Package: MsExperiment
Authors: Laurent Gatto [aut, cre] (https://orcid.org/0000-0002-1520-2268),
Johannes Rainer [aut] (https://orcid.org/0000-0002-6977-7147),
Sebastian Gibb [aut] (https://orcid.org/0000-0001-7406-4443)
Last modified: 2024-04-23 17:21:26.036832
Compiled: Wed May 1 18:20:15 2024
The goal of the MsExperiment package is to provide a container
for all data related to a mass spectrometry (MS) experiment. Also other
Bioconductor packages allow to represent MS experiment data (such as the
MSnbase package). The MsExperiment
however aims at being very
light-weight and flexible to accommodate all possible types of MS experiments
(proteomics, metabolomics, …) and all types of MS data representations
(chromatographic and spectral data, quantified features etc). In addition, it
allows to bundle additional files and data, such as annotations, within the
object.
In this vignette, we will describe how to create a MsExperiment
object and
populate it with various types of data.
library("MsExperiment")
We will also use the Spectra package to import MS data and thus load it here too.
library("Spectra")
The package can be installed with the BiocManager package. To
install BiocManager
use install.packages("BiocManager")
and, after that,
BiocManager::install("MsExperiment")
to install MsExperiment
which will install the package including all required dependencies.
We will use a small subset of the PXD022816 project (Morgenstern et al. (2020)). The acquisitions correspond to a Pierce Thermo HeLa digestion standard, diluted to 50ng/uL with 97:3 + 0.1% formic acid, and acquired on a QExactive instrument.
Below, we use the rpx package to access the project
from the PRIDE repository, and download files of interest. Note that
these will automatically be cached in the rpx
packages’ cache
directory.
library("rpx")
px <- PXDataset("PXD022816")
## Loading PXD022816 from cache.
px
## Project PXD022816 with 32 files
##
## Resource ID BFC324 in cache in /home/biocbuild/.cache/R/rpx.

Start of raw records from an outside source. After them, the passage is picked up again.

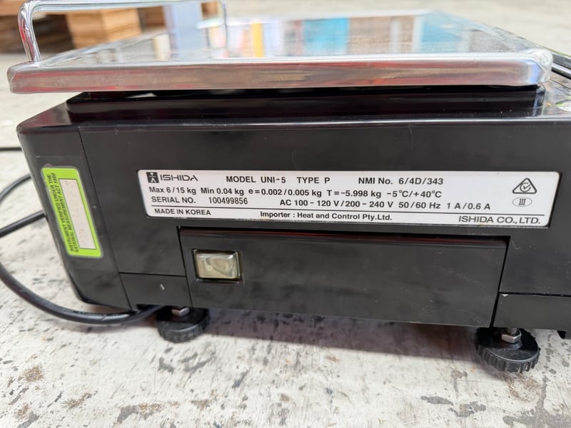 Ishida Digital Scales, Model: UNI-5, 1 Phase, 10Amp, Black, On Counter, Scratches & Dents
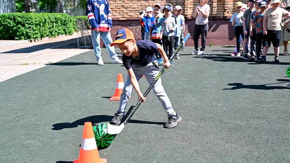 Спортсмены организовали для детей «Веселые старты» и мастер-класс по хоккею. Они показали, как правильно держать клюшку, бить по воротам и складывать хлопушку болельщика. Особый восторг у малышей вызвал конкурс, где нужно было из букв сложить название молодежной команды «Реактор».
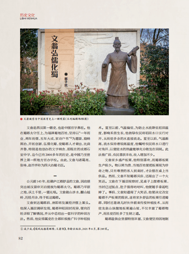 “历史文化”栏目,刊发《文翁弘儒化蜀》《名酒江口醇 滴滴都是情》两篇文章,前文围绕“仁爱、廉平、勤政、创新”等核心思想,再现了西汉太守文翁的成长历程,重点梳理了文翁在任太守时兴修都江堰、发展农村经济、创办石室、盐铁业改革等伟业,展示了太守修身齐家治蜀的可歌可泣的事迹,有意识地厚植了仁爱、廉平、创新、勤政等时代精神;后文讲述江口醇酒业的创业、发展历史,展示在川酒振兴的大背景之下,江口醇担起川东北特色白酒产区发展重任,在平昌工业振兴中扮演着重要角色。

## [1] 'QEP2LC6_HeLa_50ng_251120_01-calib.mzID.gz' ... [32] 'checksum.txt'
## Use 'pxfiles(.)' to see all files.
pxfiles(px)
## Project PXD022816 files (32):
## [local] QEP2LC6_HeLa_50ng_251120_01-calib.mzID.gz
## [local] QEP2LC6_HeLa_50ng_251120_01-calib.mzML
## [remote] QEP2LC6_HeLa_50ng_251120_01.raw
## [local] QEP2LC6_HeLa_50ng_251120_02-calib.mzID.gz
## [local] QEP2LC6_HeLa_50ng_251120_02-calib.mzML
## [remote] QEP2LC6_HeLa_50ng_251120_02.raw
## [remote] QEP2LC6_HeLa_50ng_251120_03-calib.mzID.gz
## [remote] QEP2LC6_HeLa_50ng_251120_03-calib.mzML
## [remote] QEP2LC6_HeLa_50ng_251120_03.raw
## [remote] QEP2LC6_HeLa_50ng_251120_04-calib.mzID.gz
## ...
The project provides the vendor raw files, the converted mzML files as well as the identification mzid files. Let’s download fractions 1 and 2 of the mzML files.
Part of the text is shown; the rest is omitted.